Records excerpted from a collection:
>>>>>

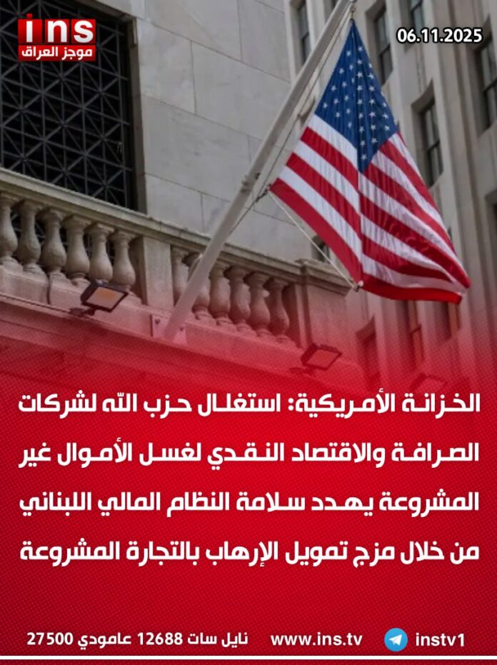 الخزانة الأمريكية: استغلال حزب الله لشركات الصرافة والاقتصاد النقدي لغسل الأموال غير المشروعة يهدد سلامة النظام المالي اللبناني من خلال مزج تمويل الإرهاب بالتجارة المشروعة
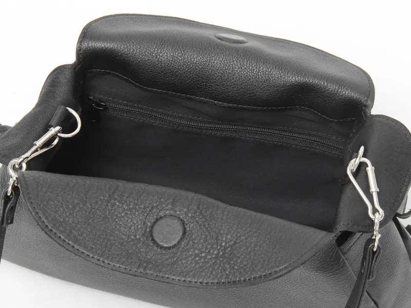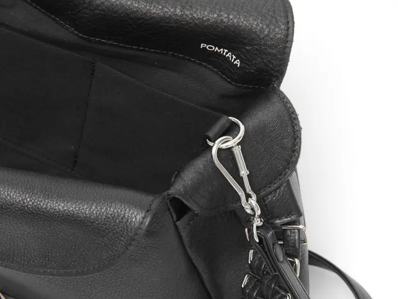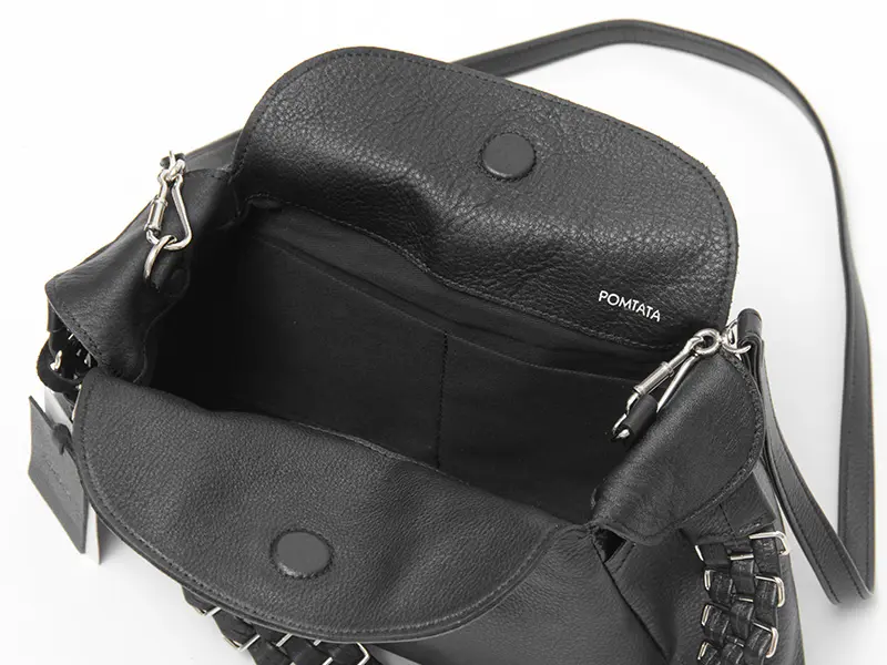ストラップの付け根は開閉口の内側に配置。フラップの隙間からさりげなく覗く仕様で、装いを邪魔しないスマートなデザインです。
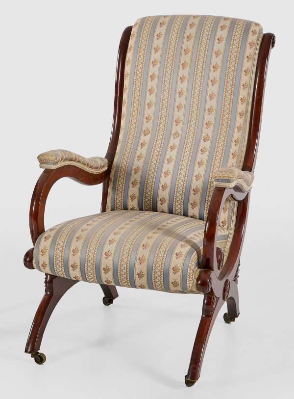 Mahagoni. Offen gestalteter Korpus aus gegeneinander gestellten Volutenarmlehnen sowie hoher, zurückschwingender Rückenlehne auf gebogten Beinen mit Rollen. Gepolstert und bezogen. H. 108 cm. 66 cm x 84 cm. Sitz-H. 45 cm.
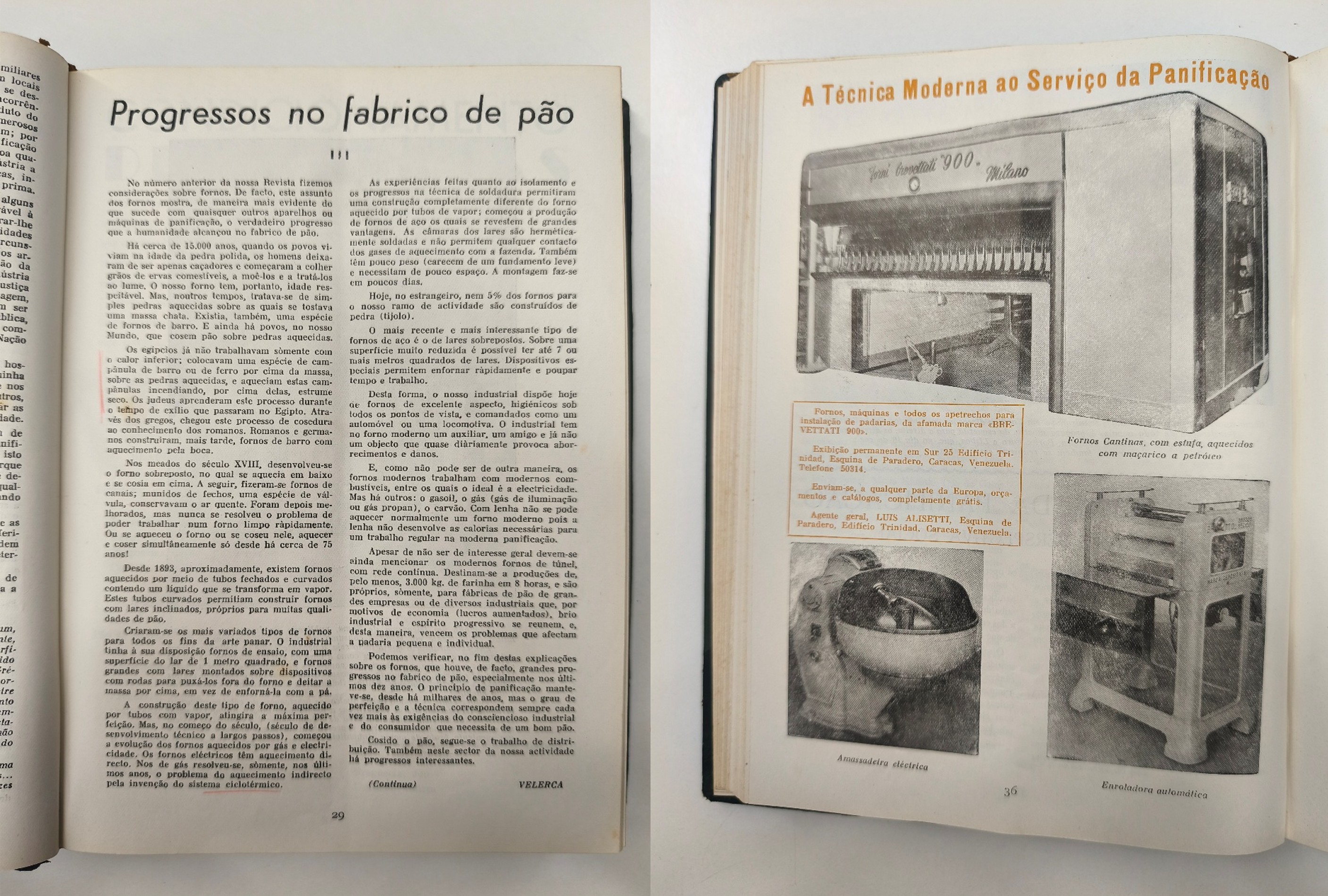 As páginas dedicadas à “Técnica Moderna ao Serviço da Panificação” mostram amassadeiras elétricas, embaladeiras automáticas e fornos mais eficientes.
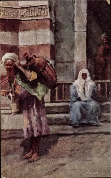 Künstler Ak Araber, Wasserträger, Wasserkrug, Maghreb
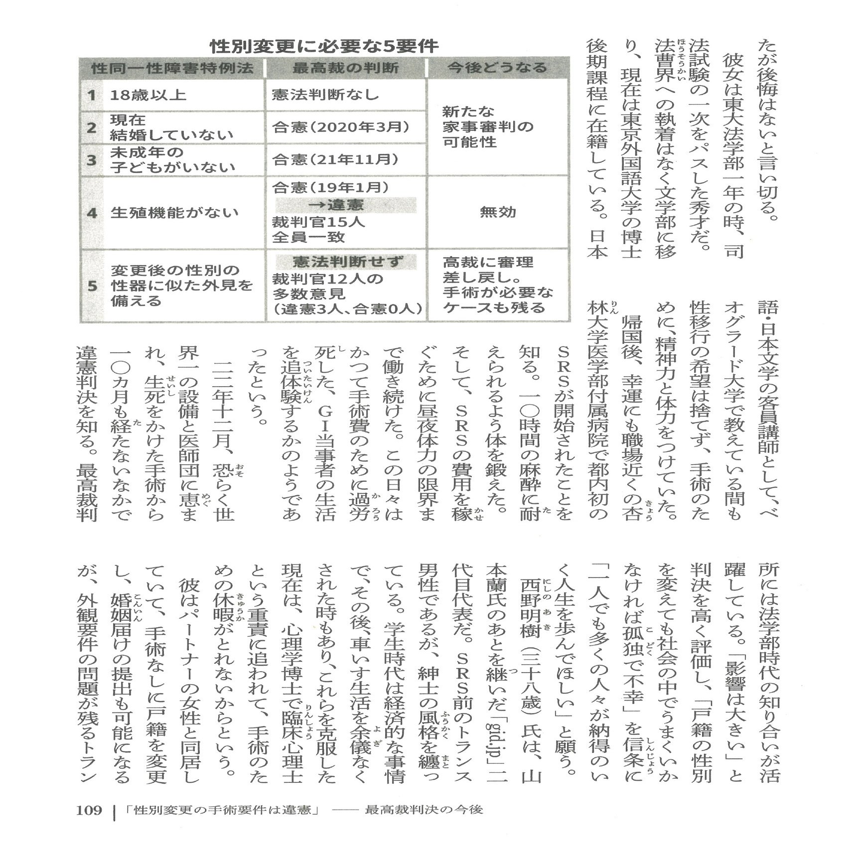 公明党は5号要件のより制限的ではない見直しを表明した。外観要件のより制限のない見直しとは何を指すのか。ホルモン療法による陰茎陰嚢の変化とでもいうのだろうか。
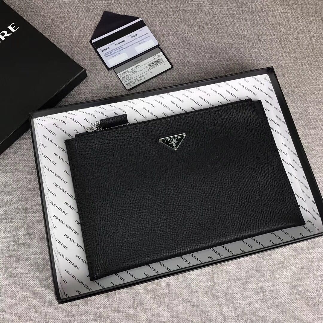 prada手包仿品【原单代购级】PRADA男士手包专柜最新款式,官网同步,正品开发,型号2NG005,颜色:黑色/滴胶三角唛,内码布标175代工码意大利顶级原单十字纹牛皮质感极好,内里进口羊皮,原单Lampo拉链 进口白钢五金配件!精湛走线均匀整齐 油边顺滑,做工精致如图可见,尺寸:长28cm高18cm【配原单包装盒身份证卡片编号可扫码】
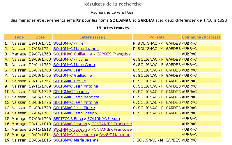 la totale : les mariages des couples, les naissances et décès de leurs enfants et les mariages de ceux ci (exemple ci dessous)

<<<<<

Could you write out, word for word, the lines from the one containing "Mahagoni. Offen gestalteter" through the last line of the records, leaving out the pictures?

 Mahagoni. Offen gestalteter Korpus aus gegeneinander gestellten Volutenarmlehnen sowie hoher, zurückschwingender Rückenlehne auf gebogten Beinen mit Rollen. Gepolstert und bezogen. H. 108 cm. 66 cm x 84 cm. Sitz-H. 45 cm.
 As páginas dedicadas à “Técnica Moderna ao Serviço da Panificação” mostram amassadeiras elétricas, embaladeiras automáticas e fornos mais eficientes.
 Künstler Ak Araber, Wasserträger, Wasserkrug, Maghreb
 公明党は5号要件のより制限的ではない見直しを表明した。外観要件のより制限のない見直しとは何を指すのか。ホルモン療法による陰茎陰嚢の変化とでもいうのだろうか。
 prada手包仿品【原单代购级】PRADA男士手包专柜最新款式,官网同步,正品开发,型号2NG005,颜色:黑色/滴胶三角唛,内码布标175代工码意大利顶级原单十字纹牛皮质感极好,内里进口羊皮,原单Lampo拉链 进口白钢五金配件!精湛走线均匀整齐 油边顺滑,做工精致如图可见,尺寸:长28cm高18cm【配原单包装盒身份证卡片编号可扫码】
 la totale : les mariages des couples, les naissances et décès de leurs enfants et les mariages de ceux ci (exemple ci dessous)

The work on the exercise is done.